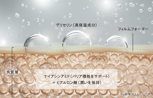 有用成分、ナイアシンアミド*² 、ヒアルロン酸、グリセリンからなるトリプル ハイドロロック コンプレックスを約10%配合。角質層を潤い満たし、洗顔後も潤い、ハリ、ツヤのあるなめらかな肌に。
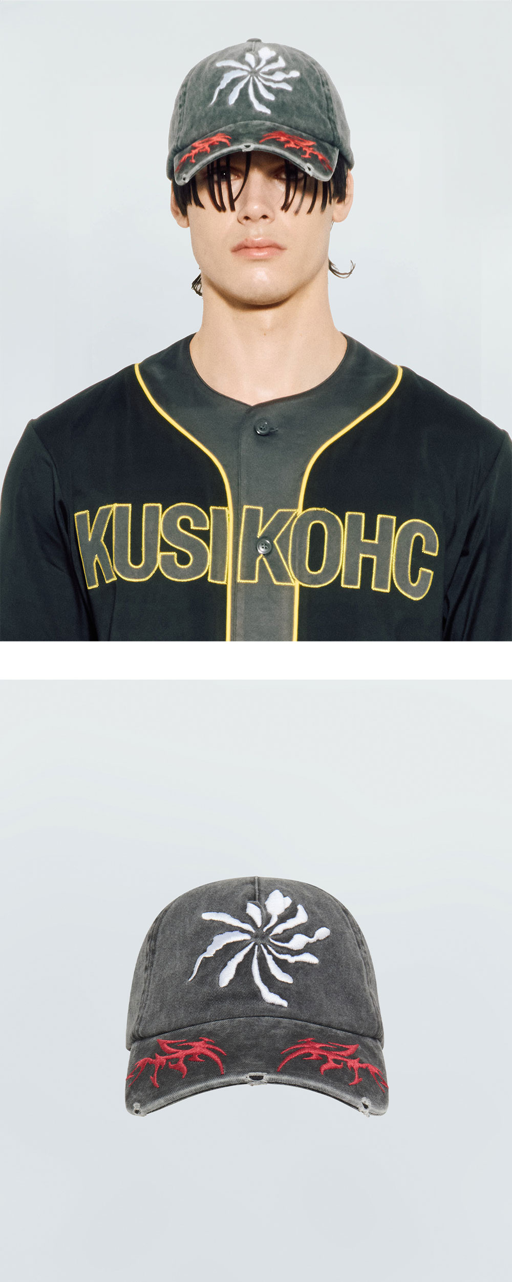 중앙에 그래픽이 포인트인 쿠시코크의 오리가미 캡 블랙입니다. - 레드 스티치 디테일 - 사이즈 조절 가능 - 물 빠진 블랙 컬러 - 해진듯한 디테일
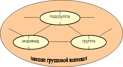 Наиболее полно идея неформальных подгрупп в группе реализована в микрогрупповой теории [2; 3]. В ней анализируются все уровни групповой активности (индивид, подгруппа, группа) с присущими им разнообразными связями (рис. 1).
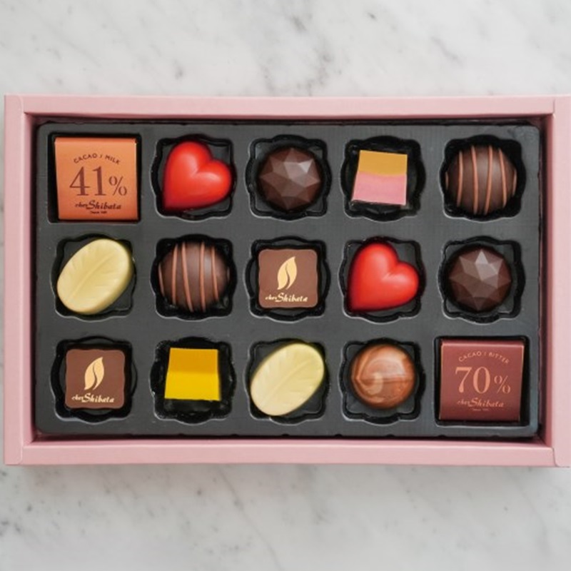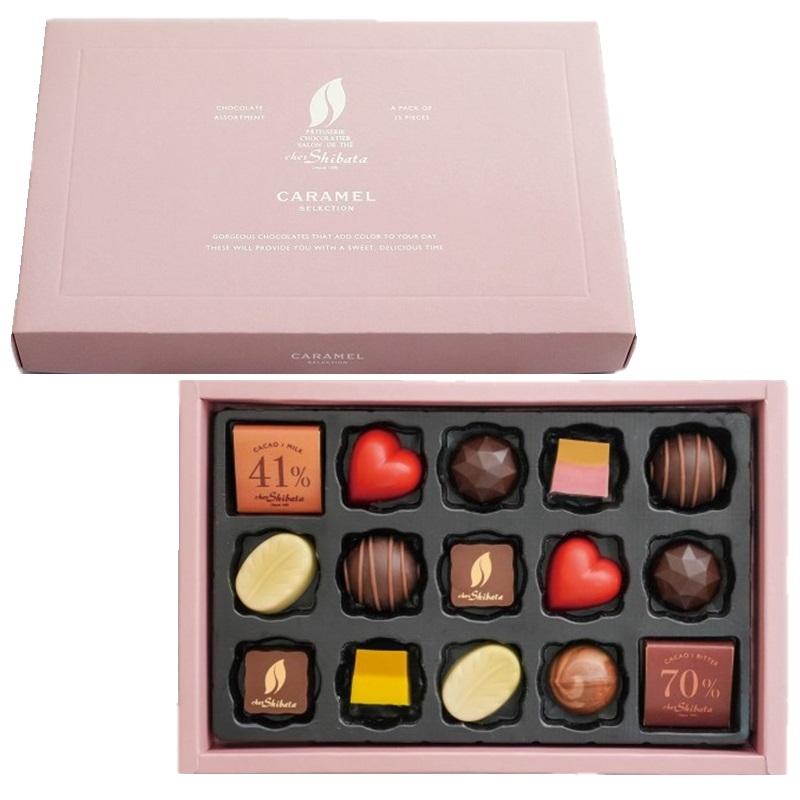 シェ・シバタ得意の「キャラメル」をテーマにした10種ショコラの詰め合わせ。
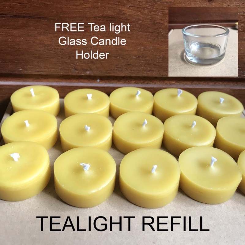 15 Small Pure Beeswax Tea Light REFILL with FREE Votive Glass - 100% Organic by Luxzerna
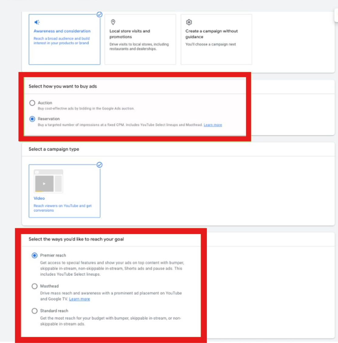 - Auswahl des Kampagnentyps (Premier Reach, Masthead, Standard Reach)
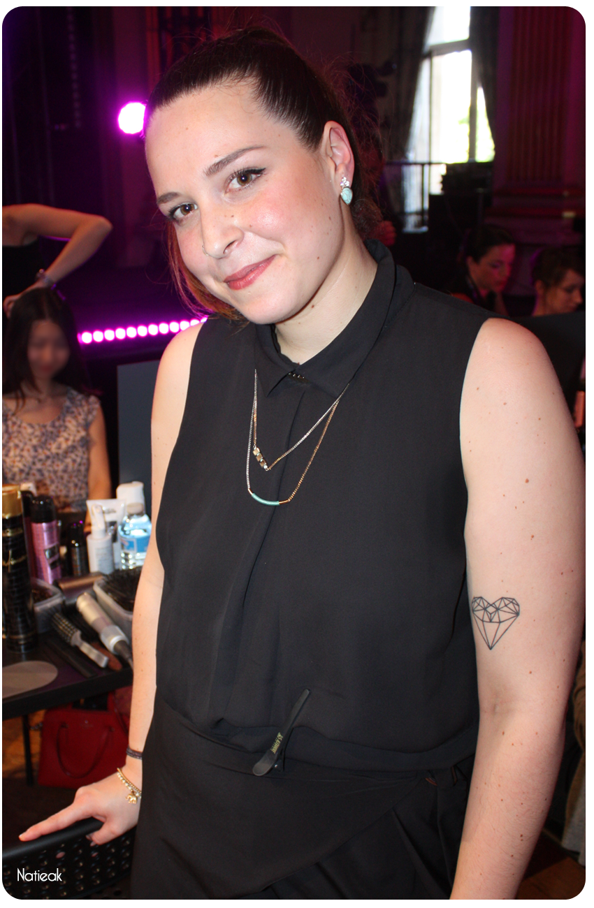 Ma coiffeuse d’un soir fut Bénédicte du salon Alexandre de Paris. Elle y a reçu sa formation il y a 7 ans et depuis, elle y exerce sa profession. Lors de la soirée, elle m’a fait une tresse africaine revisitée. En 20 minutes, la coiffure était réalisée. Autant vous dire qu’elle a un sacré tour de main ! Elle a le geste sûr et a le mérite d’être bien sympathique.
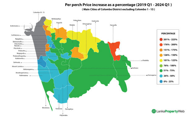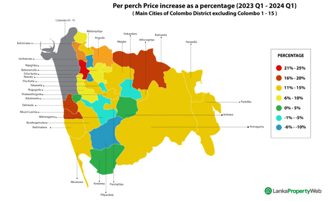 Land prices bounce back to growth in the latest Land Price Index by LankaPropertyWeb. The overall land prices in the Western Province increased by 7.8% compared to the previous year, according to the 2024 Western Province Land Price Index (LPI), developed by LankaPropertyWeb (LPW). The Land Price Index (LPI), updated annually, monitors the trends in asking price values of lands for sale across all three districts of the Western Province - Gampaha, Kalutara, and Colombo. Based on the Index findings, land prices in Gampaha District surged by 13% from the preceding year, while Kalutara witnessed an 8% rise. In the Colombo district (excluding Colombo 1-15), a growth of 8% was observed, with Colombo 1-15 explicitly marking a 2.3% increase.
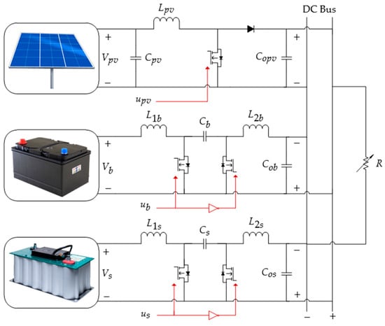 The BESS shown in Figure 2 consists of a bidirectional Ćuk converter. The controller regulates the battery’s charge and discharges to stabilize the power balance. The current, , in the capacitor, , can be negative, positive, or null. When is greater than 0, it indicates a discharge mode; when it is less than 0, it indicates a charge mode; and when it is null, it indicates a standby mode. The configuration of the SESS is also identical to that of the BESS, with as the output capacitor. The other components in both subsystems are shown in Figure 2. As both the BESS and SESS are identical, all the parameters are given a subscript, , where for the BESS and for the SESS.
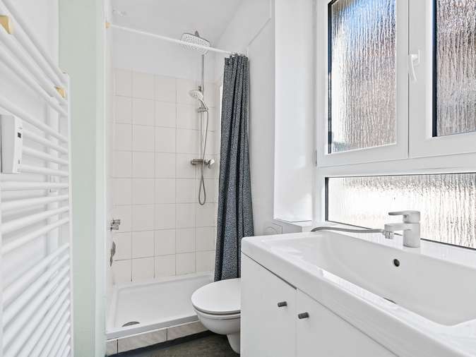 In den beiden Wohneinheiten befinden sich einfache Einbauküchen, die im Kaufpreis enthalten sind. Die Wohnungen im 1. und 2. Obergeschoss sind leerstehend.
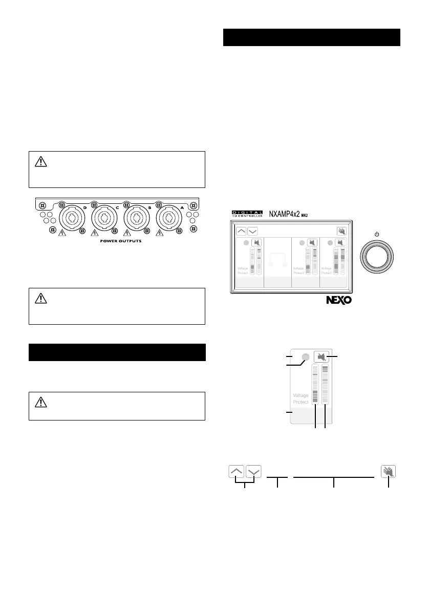 NXAMPmk2는 4개의 NL4 출력을 사용하여 스피커를 연결합니다. 핀
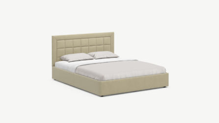 Кровать MOON FAMILY 1251 украшена объемной стежкой-рисунком. Особую выразительность стежка в крупный квадрат получает за счет глубины шва и фактурности проступающего рисунка. Помещенная в центр изголовья, стежка обрамлена тканью, словно картина – рамой. Формы MOON FAMILY 1251 оставлены максимально простыми. Едва заметные вертикальные шовчики на боковых царгах кровати добавляют образу шарма, удачно оттеняя уверенное звучание прямых и искусный декор изголовья.
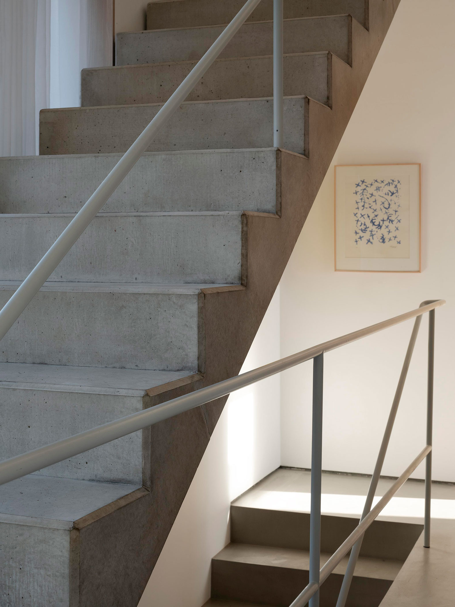 The design draws from personal encounters with influential buildings within architectural discourse. Villa Barbaro by Andrea Palladio inspired the disciplined symmetry of the house, while the Eames House/Studio influenced the concept of a unifying atrium and spatial duality. Thomas Jefferson’s University of Virginia campus influenced the relationship to the terrain and the classical rhythm of the façades. The LA Case Study Houses provided reference points in tems of construction techniques methods and dynamic relationship with the urban landscape, particularly panoramic vistas toward the city.
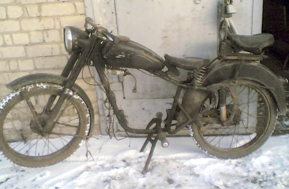 Кто может помочь по фотографии определить марку и модель мотоцикла. Предположительно это к-125 1959 г выпуска, но в то время к-125 уже заменили другой моделью, сравнение с фотками по архивом завода изготовителя результатов не дали.
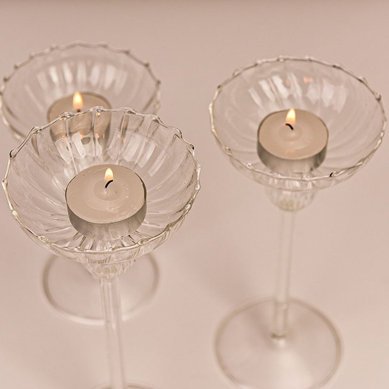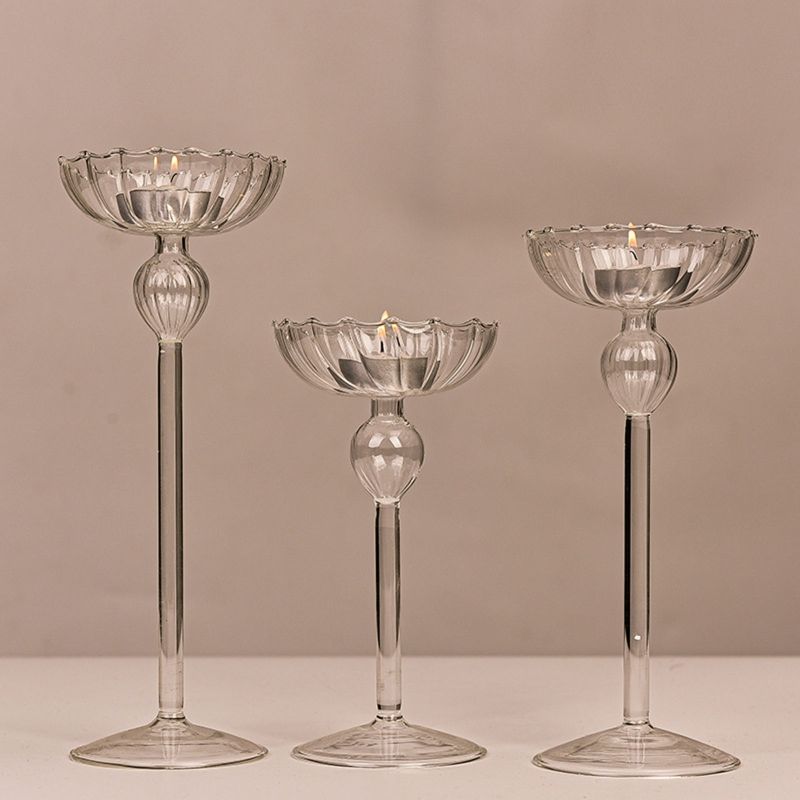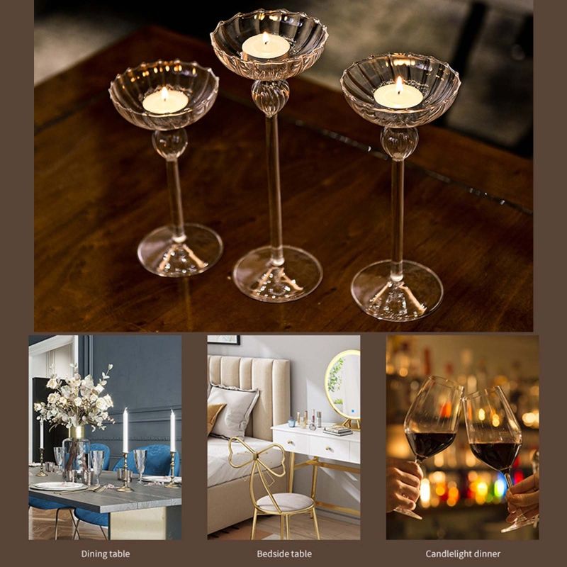 Glass Tall Feet Candlestick Craft Candle Holder Stand Home Decoration for Living Room Bedroom Office Tabletop
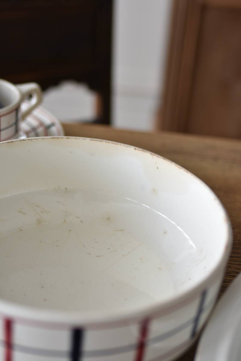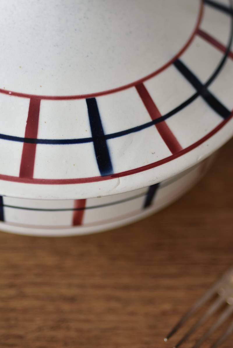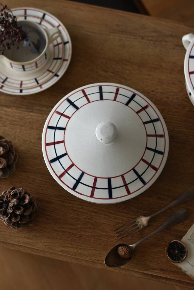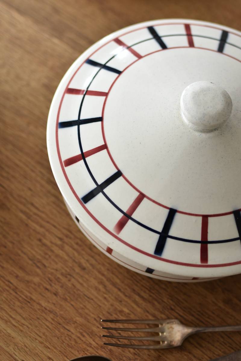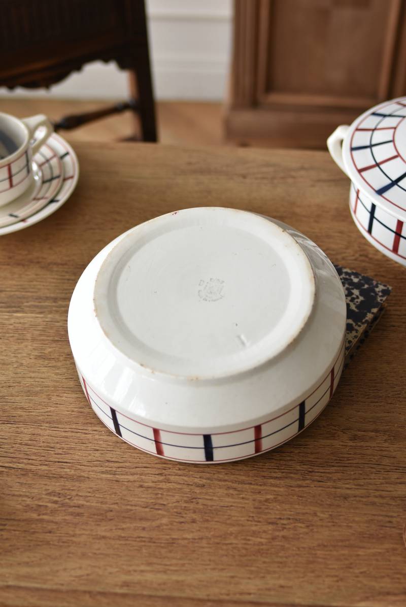 フランス・St.Amand(サンタマン)のスーピエール。 艶やかなボディは温かみのあるミルクカラーで、やや角ばったシルエットが特徴的な佇まい。バスク地方の伝統的な建築からインスピレーションを得た"Lou Basquez"シリーズのもので、赤と濃紺のバスクカラーで表現された手描きラインがほっこりとした優しげな雰囲気のデザインです。使い込まれた趣豊かな風合いがテーブルコーディネートに深みを与えてくれる一品に。 独自の存在感が目を惹くどこか素朴な姿で、コレクターも多いアイコニックなアイテムです。(Lou Basquezシリーズ) 直径 約26cm H 約14cm 口径 約22.5cm 深さ 約8cm
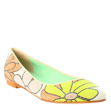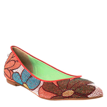 - Damenballerina mit farbigem Blumenmuster und Strassapplikation
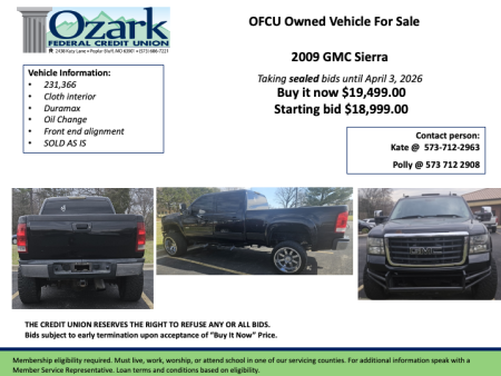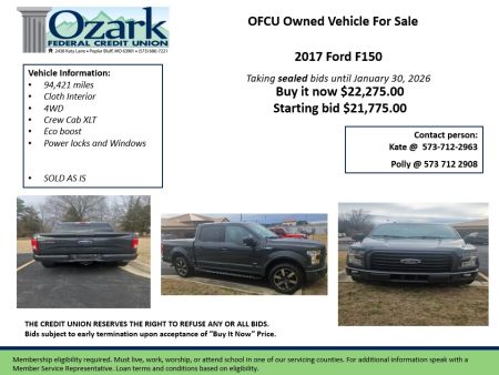 For inquiries regarding any of our Ozark Federal Credit Union-owned vehicles, please contact Kate Pogue, our Member Solutions Specialists in the Loan Department.
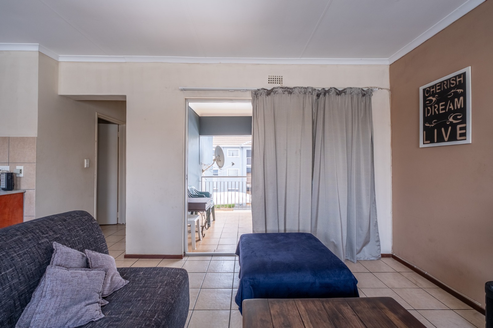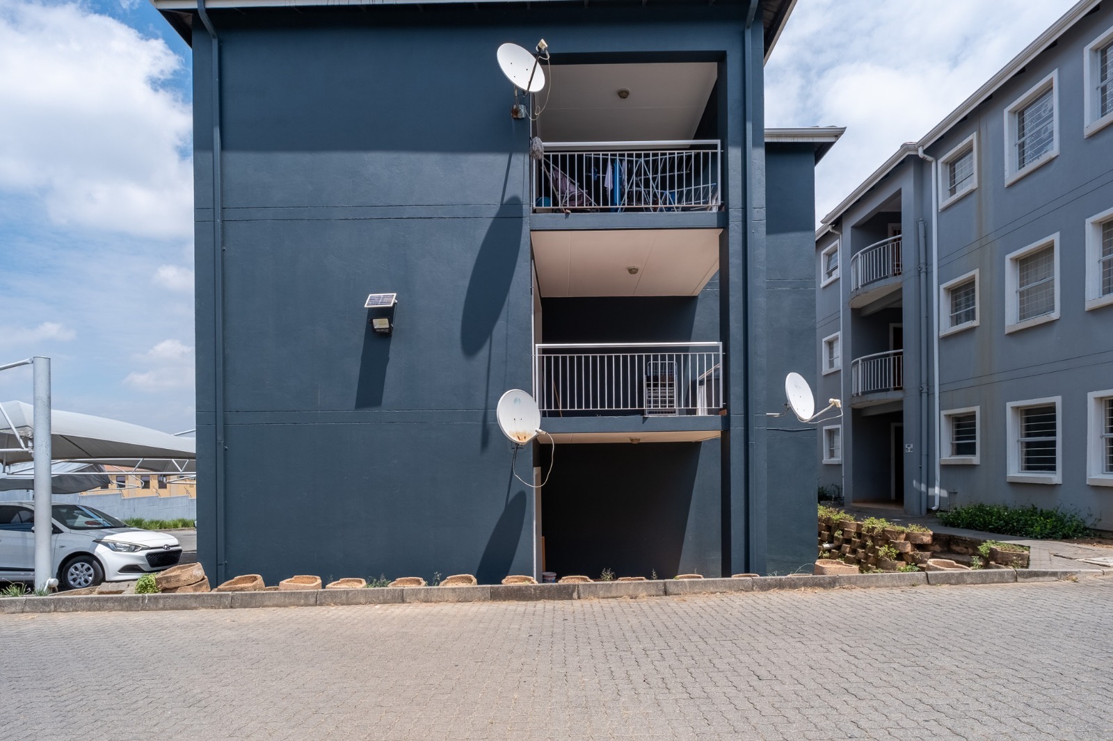 Unusually large covered balcony with stunning open view. Great position in the complex - nicely tucked away. Allocated carport. Ample visitors parking.

§ **Problem description**
Line by line, retype the records above exactly, minus the images.

§ **Reply**
 有用成分、ナイアシンアミド*² 、ヒアルロン酸、グリセリンからなるトリプル ハイドロロック コンプレックスを約10%配合。角質層を潤い満たし、洗顔後も潤い、ハリ、ツヤのあるなめらかな肌に。
 중앙에 그래픽이 포인트인 쿠시코크의 오리가미 캡 블랙입니다. - 레드 스티치 디테일 - 사이즈 조절 가능 - 물 빠진 블랙 컬러 - 해진듯한 디테일
 Наиболее полно идея неформальных подгрупп в группе реализована в микрогрупповой теории [2; 3]. В ней анализируются все уровни групповой активности (индивид, подгруппа, группа) с присущими им разнообразными связями (рис. 1).
 シェ・シバタ得意の「キャラメル」をテーマにした10種ショコラの詰め合わせ。
 15 Small Pure Beeswax Tea Light REFILL with FREE Votive Glass - 100% Organic by Luxzerna
 - Auswahl des Kampagnentyps (Premier Reach, Masthead, Standard Reach)
 Ma coiffeuse d’un soir fut Bénédicte du salon Alexandre de Paris. Elle y a reçu sa formation il y a 7 ans et depuis, elle y exerce sa profession. Lors de la soirée, elle m’a fait une tresse africaine revisitée. En 20 minutes, la coiffure était réalisée. Autant vous dire qu’elle a un sacré tour de main ! Elle a le geste sûr et a le mérite d’être bien sympathique.
 Land prices bounce back to growth in the latest Land Price Index by LankaPropertyWeb. The overall land prices in the Western Province increased by 7.8% compared to the previous year, according to the 2024 Western Province Land Price Index (LPI), developed by LankaPropertyWeb (LPW). The Land Price Index (LPI), updated annually, monitors the trends in asking price values of lands for sale across all three districts of the Western Province - Gampaha, Kalutara, and Colombo. Based on the Index findings, land prices in Gampaha District surged by 13% from the preceding year, while Kalutara witnessed an 8% rise. In the Colombo district (excluding Colombo 1-15), a growth of 8% was observed, with Colombo 1-15 explicitly marking a 2.3% increase.
 The BESS shown in Figure 2 consists of a bidirectional Ćuk converter. The controller regulates the battery’s charge and discharges to stabilize the power balance. The current, , in the capacitor, , can be negative, positive, or null. When is greater than 0, it indicates a discharge mode; when it is less than 0, it indicates a charge mode; and when it is null, it indicates a standby mode. The configuration of the SESS is also identical to that of the BESS, with as the output capacitor. The other components in both subsystems are shown in Figure 2. As both the BESS and SESS are identical, all the parameters are given a subscript, , where for the BESS and for the SESS.
 In den beiden Wohneinheiten befinden sich einfache Einbauküchen, die im Kaufpreis enthalten sind. Die Wohnungen im 1. und 2. Obergeschoss sind leerstehend.
 NXAMPmk2는 4개의 NL4 출력을 사용하여 스피커를 연결합니다. 핀
 Кровать MOON FAMILY 1251 украшена объемной стежкой-рисунком. Особую выразительность стежка в крупный квадрат получает за счет глубины шва и фактурности проступающего рисунка. Помещенная в центр изголовья, стежка обрамлена тканью, словно картина – рамой. Формы MOON FAMILY 1251 оставлены максимально простыми. Едва заметные вертикальные шовчики на боковых царгах кровати добавляют образу шарма, удачно оттеняя уверенное звучание прямых и искусный декор изголовья.
 The design draws from personal encounters with influential buildings within architectural discourse. Villa Barbaro by Andrea Palladio inspired the disciplined symmetry of the house, while the Eames House/Studio influenced the concept of a unifying atrium and spatial duality. Thomas Jefferson’s University of Virginia campus influenced the relationship to the terrain and the classical rhythm of the façades. The LA Case Study Houses provided reference points in tems of construction techniques methods and dynamic relationship with the urban landscape, particularly panoramic vistas toward the city.
 Кто может помочь по фотографии определить марку и модель мотоцикла. Предположительно это к-125 1959 г выпуска, но в то время к-125 уже заменили другой моделью, сравнение с фотками по архивом завода изготовителя результатов не дали.
 Glass Tall Feet Candlestick Craft Candle Holder Stand Home Decoration for Living Room Bedroom Office Tabletop
 フランス・St.Amand(サンタマン)のスーピエール。 艶やかなボディは温かみのあるミルクカラーで、やや角ばったシルエットが特徴的な佇まい。バスク地方の伝統的な建築からインスピレーションを得た"Lou Basquez"シリーズのもので、赤と濃紺のバスクカラーで表現された手描きラインがほっこりとした優しげな雰囲気のデザインです。使い込まれた趣豊かな風合いがテーブルコーディネートに深みを与えてくれる一品に。 独自の存在感が目を惹くどこか素朴な姿で、コレクターも多いアイコニックなアイテムです。(Lou Basquezシリーズ) 直径 約26cm H 約14cm 口径 約22.5cm 深さ 約8cm
 - Damenballerina mit farbigem Blumenmuster und Strassapplikation
 For inquiries regarding any of our Ozark Federal Credit Union-owned vehicles, please contact Kate Pogue, our Member Solutions Specialists in the Loan Department.
 Unusually large covered balcony with stunning open view. Great position in the complex - nicely tucked away. Allocated carport. Ample visitors parking.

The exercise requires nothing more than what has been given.